NeuRN: Neuro-inspired Domain Generalization for Image Classification
Hamd Jalil, Ahmed Qazi, Asim Iqbal

TL;DR
This paper introduces NeuRN, a neuro-inspired normalization layer for deep learning models that improves cross-domain image classification by drawing inspiration from mammalian visual cortex neurons.
Contribution
The paper proposes NeuRN, a novel neuro-inspired layer, and a method using Needleman-Wunsch for architecture similarity, advancing domain generalization in image classification.
Findings
NeuRN improves cross-domain classification accuracy.
NeuRN outperforms baseline models in experiments.
The Needleman-Wunsch based architecture similarity method effectively shortlists promising models.
Abstract
Domain generalization in image classification is a crucial challenge, with models often failing to generalize well across unseen datasets.

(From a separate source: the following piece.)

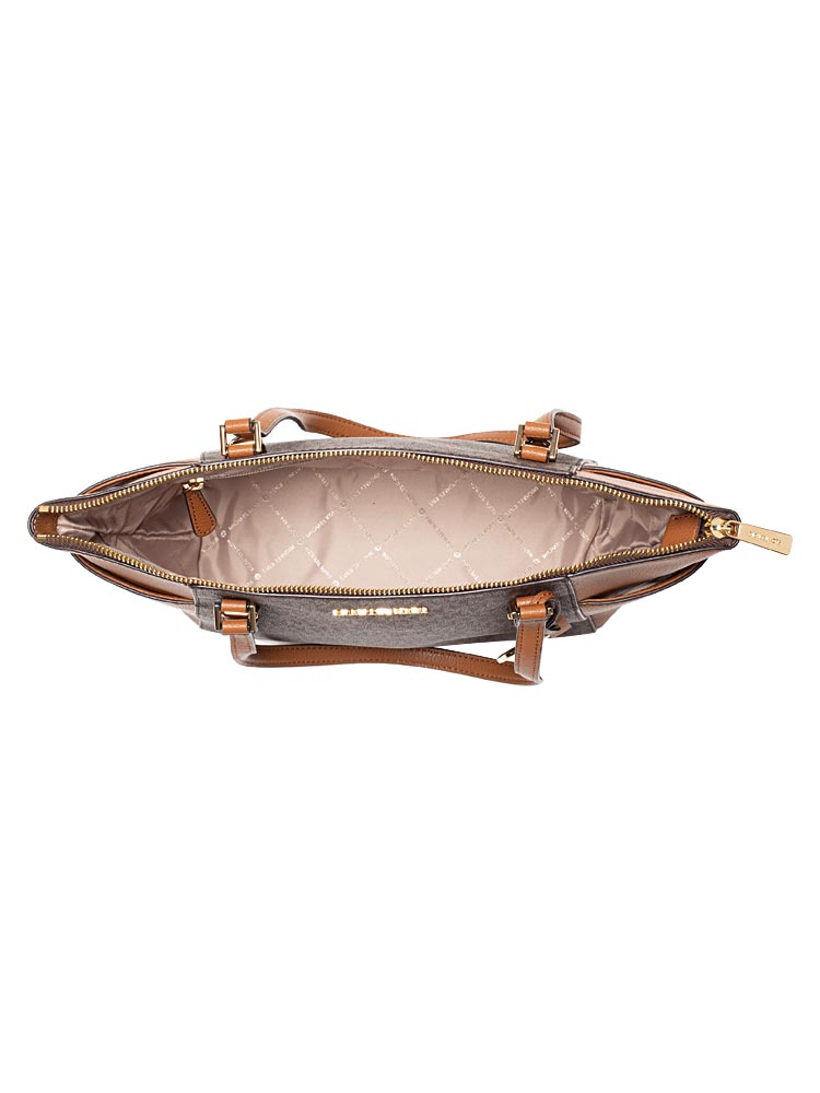 Made of coated canvas and leather. The bag features a zip closure that opens to polyester lining with one zip pocket, exterior two side pockets, double handles strap drop 34 cm.
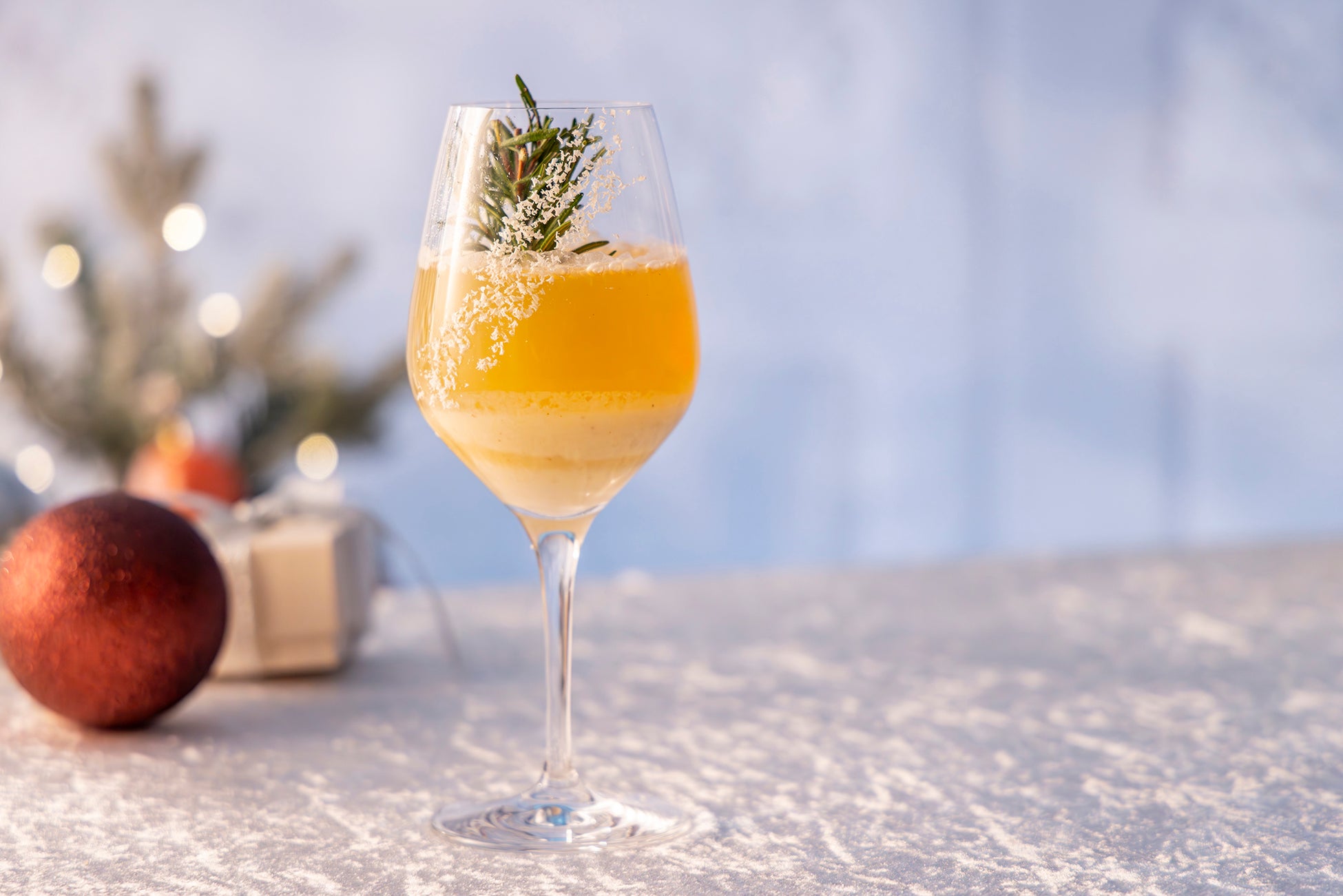 クリスマスツリーに見立てたローズマリーに雪が積もっていく景色をイメージ。洋梨のピューレとノンアルコールシャンパンの香り豊かなドリンク。

We address this issue by introducing a neuro-inspired Neural Response Normalization (NeuRN) layer which draws inspiration from neurons in the mammalian visual cortex, which aims to enhance the performance of deep learning architectures on unseen target domains by training deep learning models on a source domain. The performance of these models is considered as a baseline and then compared against models integrated with NeuRN on image classification tasks. We perform experiments across a range of deep learning architectures, including ones derived from Neural Architecture Search and Vision Transformer. Additionally, in order to shortlist models for our experiment from amongst the vast range of deep neural networks available which have shown promising…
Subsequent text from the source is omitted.